Nella disputa sul peso che le cosiddette fake news hanno esercitato in occasione delle ultime elezioni presidenziali in USA, e in particolare sulle responsabilità di Facebook, alla fine è sceso in campo anche Elad Gil. Noto imprenditore di San Francisco, già product manager di Google e vice president di Twitter, Gil non è certo uno alle prime armi, specie in materia di algoritmi e intelligenza artificiale applicata ai social media.

Intervenendo con un post il 18 novembre scorso, egli ha espresso chiaramente il suo punto di vista: il problema non sono gli algoritmi in sé, ma gli algoritmi di Facebook. I quali – ha detto Gil senza mezzi termini – «fanno schifo». Com’è noto la questione è che l’algoritmo di News Feed ha premiato spesso, in questi mesi, notizie clamorosamente false. È il caso dell’endorsment del Papa per Donald Trump, che ha ottenuto milioni di visualizzazioni. Alcuni osservatori hanno ipotizzato una relazione fra la cattiva qualità dell’informazione disponibile su Facebook e la vittoria dello stesso Trump.

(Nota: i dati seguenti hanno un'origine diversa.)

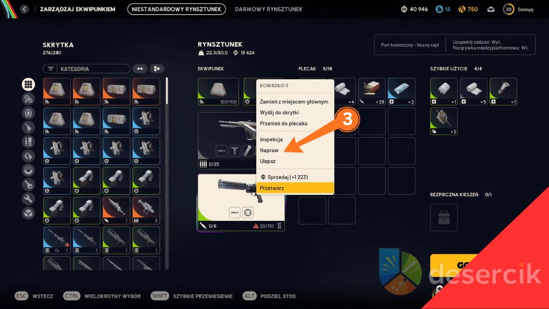 Po wybraniu wskazanej opcji otrzymujemy kolejne okno dialogowe, na którym widzimy jakich materiałów (4) potrzebujemy do naprawy. Jeśli nie masz żadnego z tych materiałów to skorzystaj z opcji śledzenia (7) w grze podczas rajdu, dzięki temu będziesz wiedział, że zdobyty sprzęt czy materiał potrzebny Ci jest do ulepszeń czy właśnie naprawy.
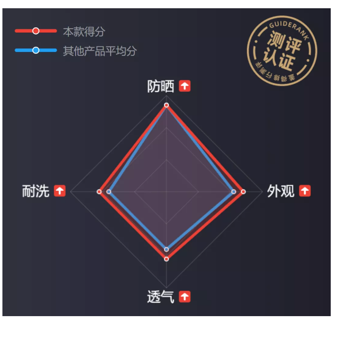 在廣州7月份的中午2點,戶外紫外線強度約為2856μW/cm2。遮陽帽帽檐下方強度為4μW/cm2,帽頂下方強度為5μW/cm2,阻隔率為99.7%以上,在同類測試中表現(xiàn)突出。
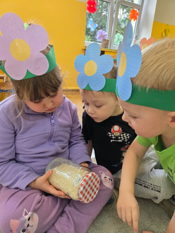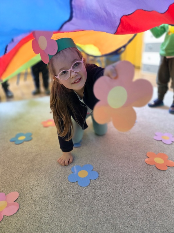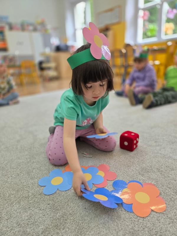 Dzieci z ogromnym zaangażowaniem rozwiązywały wiosenne zagadki, szukały kolorowych kwiatów ukrytych pod chustą animacyjną oraz odkrywały, jakie owady obudziły się już po zimowym śnie. Układały także wiosenne puzzle, rozwijając spostrzegawczość i koncentrację. Nie zabrakło też zabaw matematycznych. Przedszkolaki rzucały kostką, przeliczały kropki i dopasowywały odpowiednią liczbę kolorowych kwiatów do nutkowego ogródka.
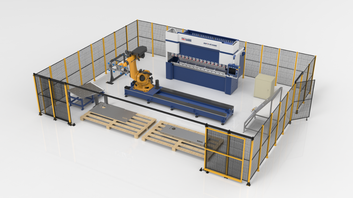 大族激光智能裝備集團機器人自動折彎單元由折彎機與機器人組合而成,具有機器人固定式、機器人行走式、機器人裝卸式三大系列,適用大批量折彎工件智能生產,提效提質、成本效益比更佳;可配備大族系列不同型號折彎機,穩定高效、折彎角度誤差±0.5度,選用庫卡/安川靈活六軸機器人,組合出力;可加工重量高達25kg的各類零件,且支持更大范圍定制化方案;具有靈活的夾持裝置、精確后擋料定位、通用分板裝置、對中臺、直觀控制系統、便捷編程軟件等高品質核心部件,實現折彎更自動化、柔性化。
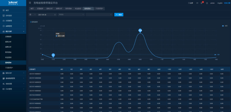 可查看指定時(shí)段充電站和充電樁的用電量,顯示對應(yīng)的能耗趨勢圖并進(jìn)行同環(huán)比分析。
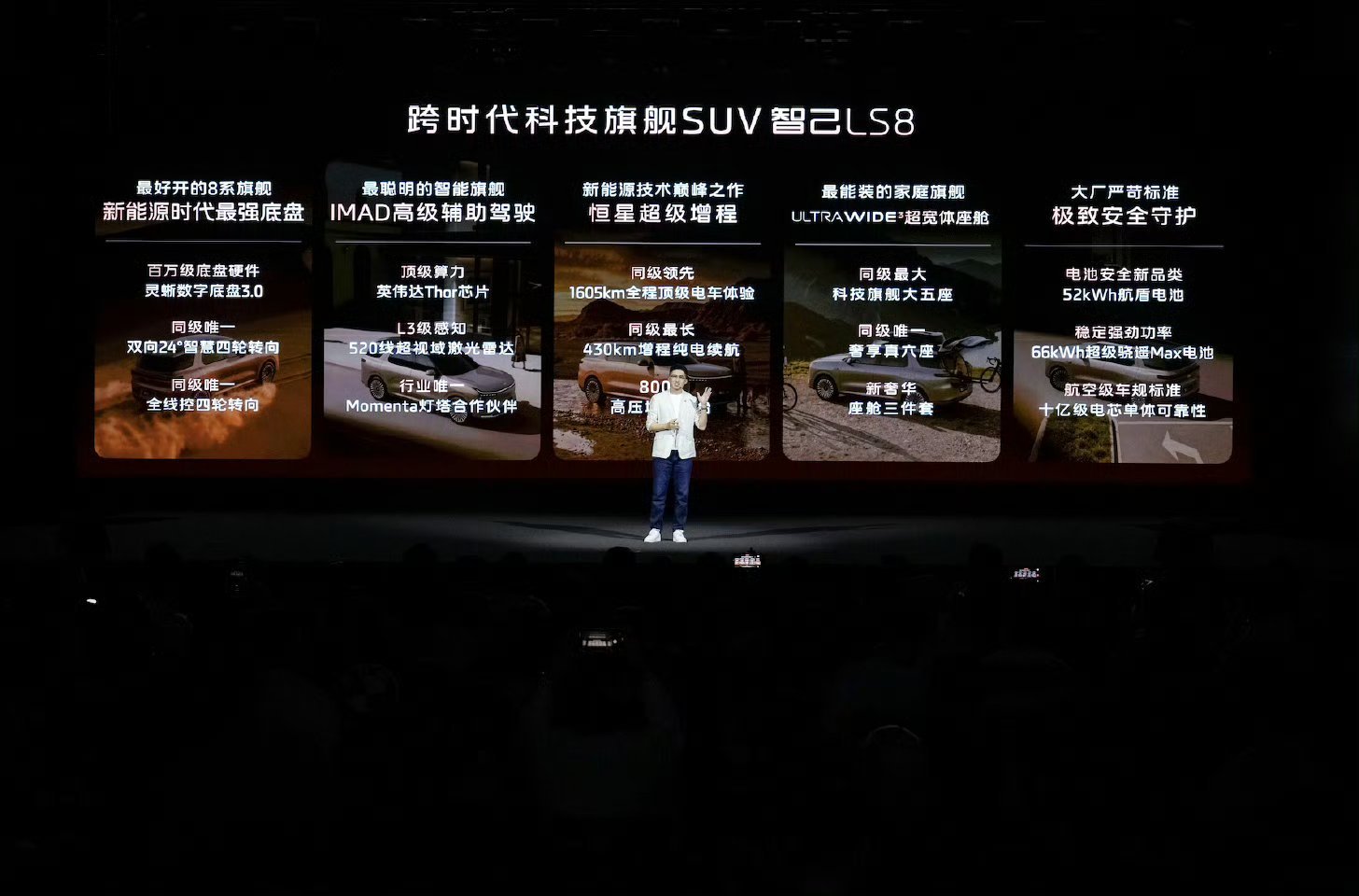 智己LS8震撼预售25.98万元起智己LS8定位中大型增程SUV,预售25.98万起,轴距3060mm,提供5/6座布局。全系标配800V平台、恒星增程与灵蜥线控底盘,搭载24°后轮转向,操控灵活。配备激光雷达、英伟达Thor芯片与千问大模型,智驾与座舱智能化拉满。纯电续航最高约430km,综合续航超1500km,空气悬架+CDC加持,兼顾舒适与性能!
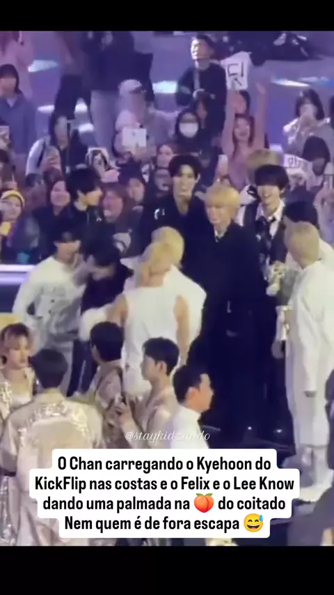até eu pulava nas costas 🤭 cara de sorte ainda mas levando uns tapas no bumbum do Felix e do Lee know 🤣 #Stray kids🖤♥️🤍 15/11/2025
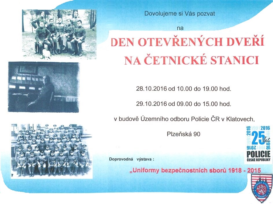 KLATOVY - Ve dnech 28. a 29. října bude pro veřejnost otevřena četnická stanice. Vystaveny budou i uniformy bezpečnostních sborů.
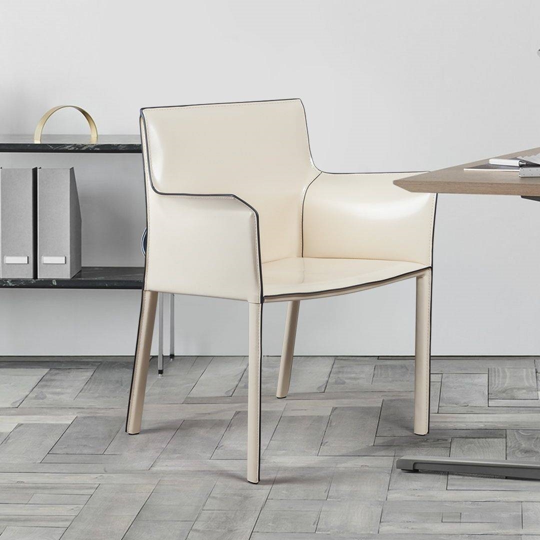 Кожаный стул Barrie всегда будет выгодно смотреться в интерьере, подчеркивая вкус и статус владельца. Модель отличается привлекательным внешним видом и практичностью. Стиль, в котором он выполнен, можно охарактеризовать как мягкая геометрия! Прямоугольное сиденье, высокая спинка с небольшим уклоном назад делают стул невероятно удобным. Высокие подлокотники в дизайне стула как дополнительная опция для еще большего комфорта. Главная особенность модели – плавный переход спинки в сиденье, образующий мягкий изгиб. Ножки обеденного стула, также обтянутые кожей, создают единый образ и являются визуальным продолжением сиденья.

In particolare l’atto di accusa lanciato da Mashable il 10 novembre scorso ha dato il la a una serie di recriminazioni dei media americani e stranieri nei confronti di Facebook e del presunto effetto nefasto dell’algoritmo di News Feed sui risultati del voto. L’articolo, firmato da Damon Beres, si intitola Facebook failed America this year — now it should kill the News Feed. La risposta di Mark Zuckerberg si trova in un post di Facebook del 13 novembre, mentre la controrisposta di Mashable, a firma di Karissa Bell, è dello stesso 13 novembre (Mark Zuckerberg still won’t admit that fake news on Facebook influenced the election).

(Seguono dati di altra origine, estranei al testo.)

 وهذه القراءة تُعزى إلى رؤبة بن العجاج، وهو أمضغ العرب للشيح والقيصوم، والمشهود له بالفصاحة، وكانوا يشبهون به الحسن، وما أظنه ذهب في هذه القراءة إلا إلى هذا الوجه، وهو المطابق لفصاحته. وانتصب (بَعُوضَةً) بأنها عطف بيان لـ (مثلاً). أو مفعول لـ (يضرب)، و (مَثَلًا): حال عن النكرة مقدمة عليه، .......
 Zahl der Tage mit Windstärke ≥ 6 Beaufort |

Una studiosa e mediattivista che si sta occupando molto dell’argomento è Zeynep Tufekci, sempre da seguire per i suoi interventi molto documentati e puntuali. Il 15 novembre il New York Times ha pubblicato un suo intervento riepilogativo sul tema: Mark Zuckerberg Is in Denial.

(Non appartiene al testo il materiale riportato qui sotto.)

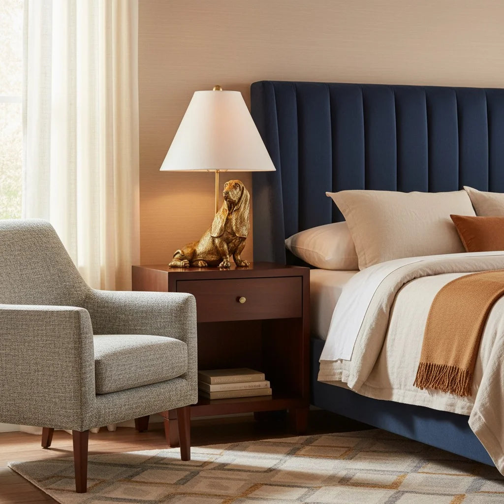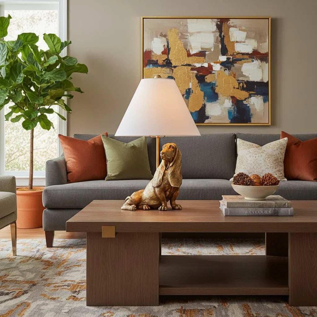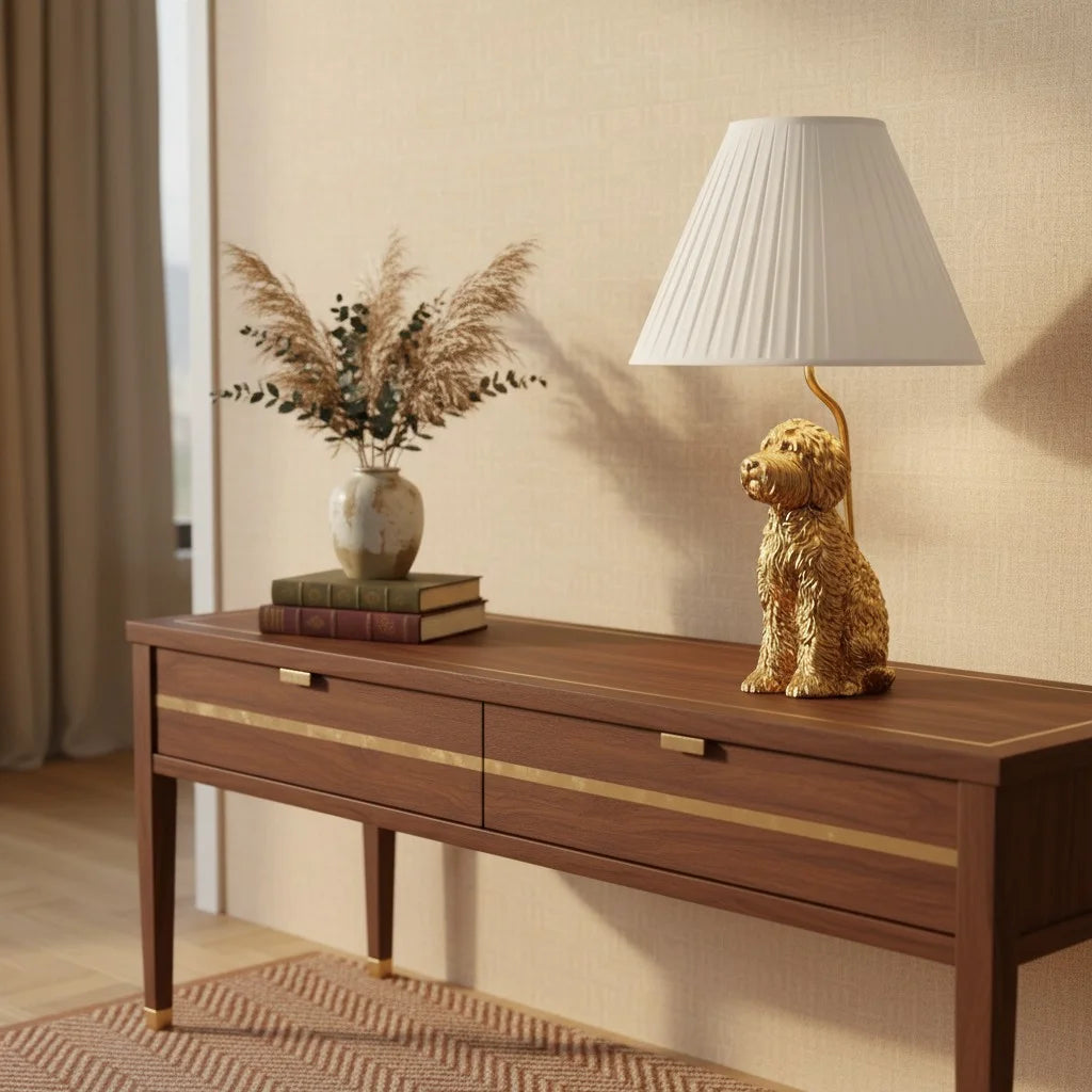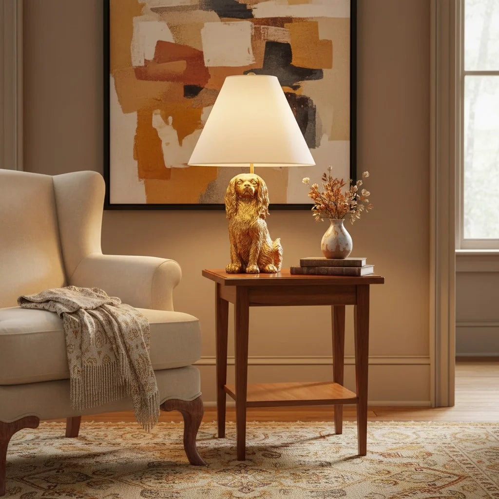This table lamp blends retro allure with whimsical charm. Its sculpted metal dog base and soft fabric shade cast a warm glow, turning bedside nooks, coffee tables or shelves into delightful focal points and adding storybook vibes to living spaces.

Ma torniamo a Gil. La sua visione è chiara: se Facebook non ha risolto il problema è perché, in realtà, non ha mai voluto affrontarlo. Quindi Zuckerberg non è sincero quando afferma che identificare la verità e smascherare le fake news per via algoritmica è una cosa complicata. Secondo Gil altre società, come Google o Twitter, fanno molto di più e con risultati concreti.

Del resto, osserva sempre l’imprenditore americano, a un gruppo di giovanissimi hacker sono bastate trentasei ore, nel corso di un hackathon a Princeton, per trovare una soluzione. Gil si riferisce a Anant Goel, Nabanita De, Qinglin Chen e Mark Craft, i quali hanno progettato il loro News Feed «authenticity checker», denominato FiB, sotto forma di estensione per Chrome. L’algoritmo realizzato dai quattro ragazzi sembra in grado di dividere con una certa sicurezza le notizie in due categorie: «verificate» e «non verificate». Il software genera un alert sia nella fase di consumo della notizia, sia ogni volta che un utente intende condividerla.